I look up into the starless sky and wish for a couple of white inches to cover the ugly, dead of winter, the naked tree branches, the brown grass, and the frozen asphalt so everything will look fresh and clean again. The clouds will break and the sun will shine through the clear, cold air. The snow will sparkle as if the whole world is sprinkled with diamonds, such a brilliant white that my eyes will hurt and I will be torn between looking out at the perfect snow and wanting to play in it, to cast snow angels and bring snowmen to life. The next night I'll wish for more snow, enough to cover the imperfections we created that day, to fill in the snow angels and bury the snowmen because even they will look more beautiful covered in a new layer of white. 

"Nori, time for bed!"

I've been staring out the window for an hour and still no snow. I head upstairs, climb into my cold bed and shiver until the sheets warm up. I try to fall asleep but since counting sheep never helps I force my mind to wander through starry skies, away from all the things I should have prayed for. I travel past galaxies and planets and into the vast nothingness of a black hole, and if I still haven't fallen asleep, I sit up and look out the window, hoping that instead of darkness, I'll see millions of white flakes falling like stars from the sky, turning my ugly world perfect and white. Most of the time the world remains dark, barren, cold and dry, or just a trace of snow dusts the trees and rooftops. I wake up morning after morning wishing for more.

12.05.2011

Blog? What Blog?

I know. It's been a while. Blogging seemed so much easier a few months ago. I was on summer break. I wasn't brewing a little one. I had so much to say to the world. Now, after eking out 30,000 words in November for NaNoWriMo, I have very little to say except, I'm tired and I can't wait for the holidays. So, I thought I'd post a couple of excerpts from my students who participated in NaNoWriMo this year too. Here is the first: Julia's The Cancer Cloud, along with the incredible cover she designed. I'm a proud teacher, but really, all I did was provide the time and space for creativity.
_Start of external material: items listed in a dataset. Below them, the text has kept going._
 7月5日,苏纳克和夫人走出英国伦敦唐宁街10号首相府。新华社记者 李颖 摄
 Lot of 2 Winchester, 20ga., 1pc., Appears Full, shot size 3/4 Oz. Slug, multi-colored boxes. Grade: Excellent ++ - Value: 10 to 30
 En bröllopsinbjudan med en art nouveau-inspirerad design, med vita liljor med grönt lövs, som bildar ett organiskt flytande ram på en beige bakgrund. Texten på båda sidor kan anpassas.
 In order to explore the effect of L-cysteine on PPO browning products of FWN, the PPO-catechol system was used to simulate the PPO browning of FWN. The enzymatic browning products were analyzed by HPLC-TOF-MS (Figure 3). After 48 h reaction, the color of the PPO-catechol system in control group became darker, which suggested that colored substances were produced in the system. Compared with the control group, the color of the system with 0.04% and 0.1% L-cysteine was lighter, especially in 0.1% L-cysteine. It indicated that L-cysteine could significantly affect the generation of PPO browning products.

The next day, we went to the oncologist's office.

My heart sank.

"C-cancer?" Lily stuttered.

"Lily has cancer?" Mom was already in tears.
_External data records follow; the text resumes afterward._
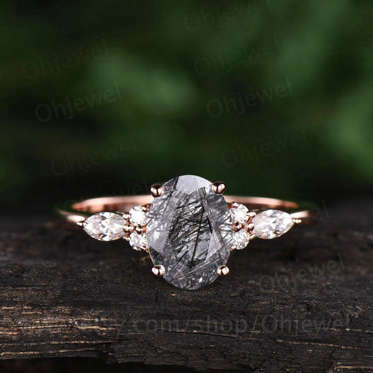 Oval black rutilated quartz engagement ring solid rose gold marquise moissanite ring for women art deco unique ring bridal anniversary gift
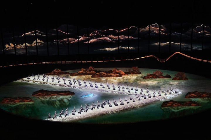 星光闪烁,90名舞蹈演员化身为“白鹭精灵”,挺立高雅身姿与繁星共舞,轻盈的步伐踏寻出“绿水青山就是金山银山”的生态画卷。
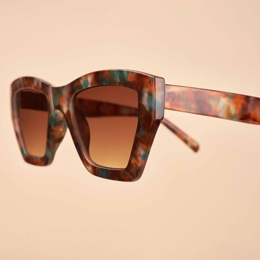 Embrace your edgy side with the Arwen Sunglasses from Powder. With a chunky, angular frame in a tortoise shell pattern featuring ocean-tone accents, these sunglasses are perfect for effortlessly elevating any look.
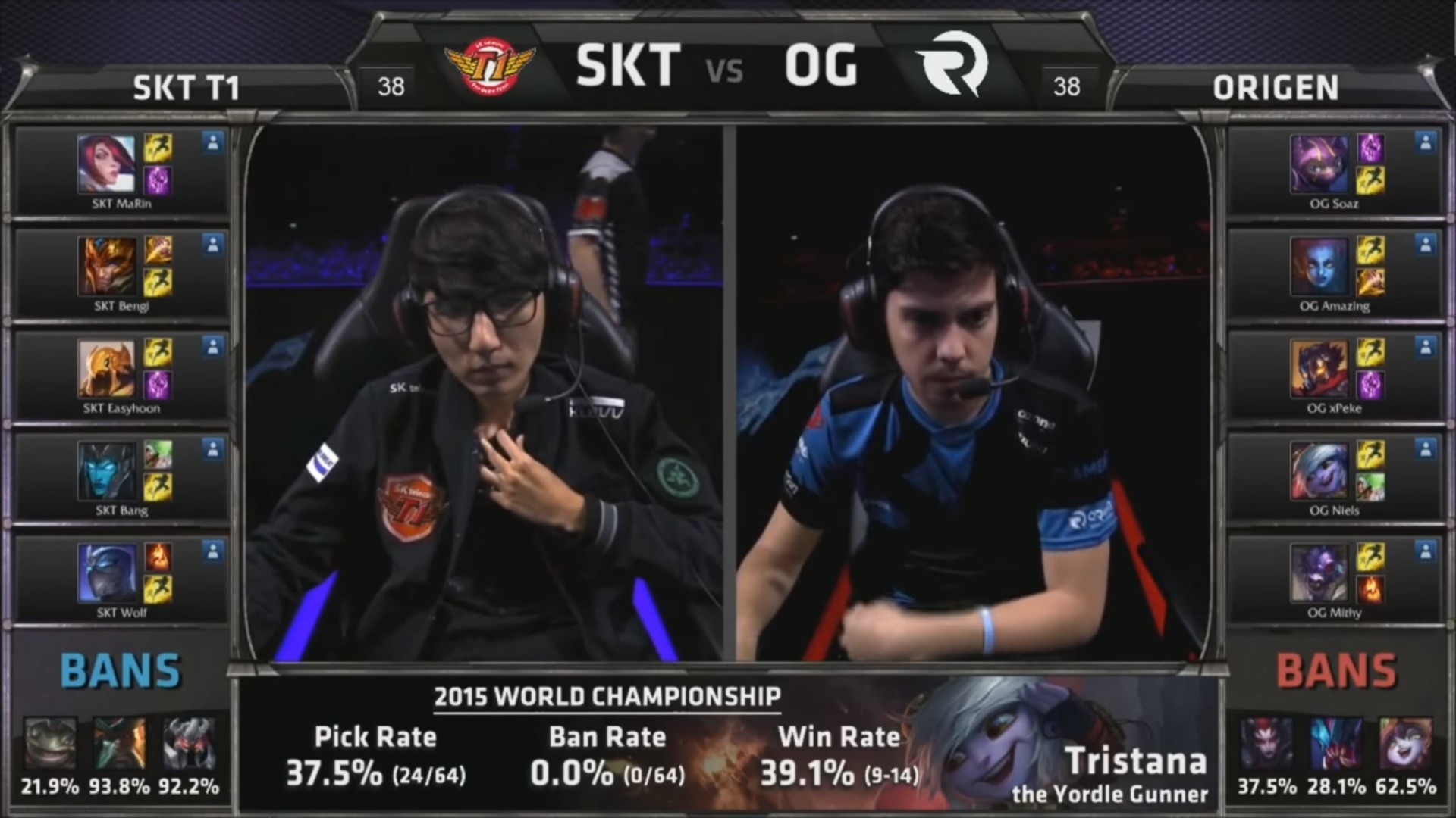 Origen jedoch zeigte erneut intelligent Rotationen: So standen sie in der 16. Minute mit vier Mann vor dem ersten Midlane-Turm von SKT, welchen sie auch zerstören konnten. OG rotierte weiter, fand Marin über dem Baron außerhalb seiner Position, töte diesen und konnte den zweiten Turm in der Top-Lane sichern, bevor man Marin erneut tötete. Es war der erste Turm der zweiten Reihe, der gegen SKT im kompletten Turnier fiel! Zudem hatte SKT zum ersten Mal auch ein Golddefizit zur 20. Minute.

The doctor, with a solemn look on his face, replied, "Yes."

"Well, is she going to be okay?" I asked anxiously.

"We don't know for sure. It could be weeks before we find out. I'm going to run some tests, and we will see." He looked down.
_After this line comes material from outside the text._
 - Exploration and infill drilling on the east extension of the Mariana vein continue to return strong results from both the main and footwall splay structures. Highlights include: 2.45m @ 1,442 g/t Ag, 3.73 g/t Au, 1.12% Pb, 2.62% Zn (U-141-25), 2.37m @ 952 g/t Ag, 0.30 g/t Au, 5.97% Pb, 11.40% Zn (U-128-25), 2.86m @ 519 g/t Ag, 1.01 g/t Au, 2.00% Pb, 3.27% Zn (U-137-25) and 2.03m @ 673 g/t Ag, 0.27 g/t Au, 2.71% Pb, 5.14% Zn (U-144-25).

"It's official. We're dying your hair pink," I said, trying to lighten the mood.

"Adelaide!" My mother snapped. "Lily is staying alive, meaning no alternative hair colors for her."

We all laughed a little bit. I couldn't imagine my identical twin, or either of us for that matter, with pink hair.

"Well, if we decide to use chemotherapy, it's possible Lily will lose her hair," Dr. Simon, the oncologist said.

The slightly happy moment vanished. Lily started crying. I hugged her and whispered that everything would be okay. Then mom started crying. I hugged her too. I sat between them in the oncologist's office, on a tacky purple couch from the 70's.

Then I started crying. It took a lot to get tears out of me, and when I did cry, it meant something real was happening. Something that would change my life for the worst.

And that was the day that the cancer cloud blocked my sunlight.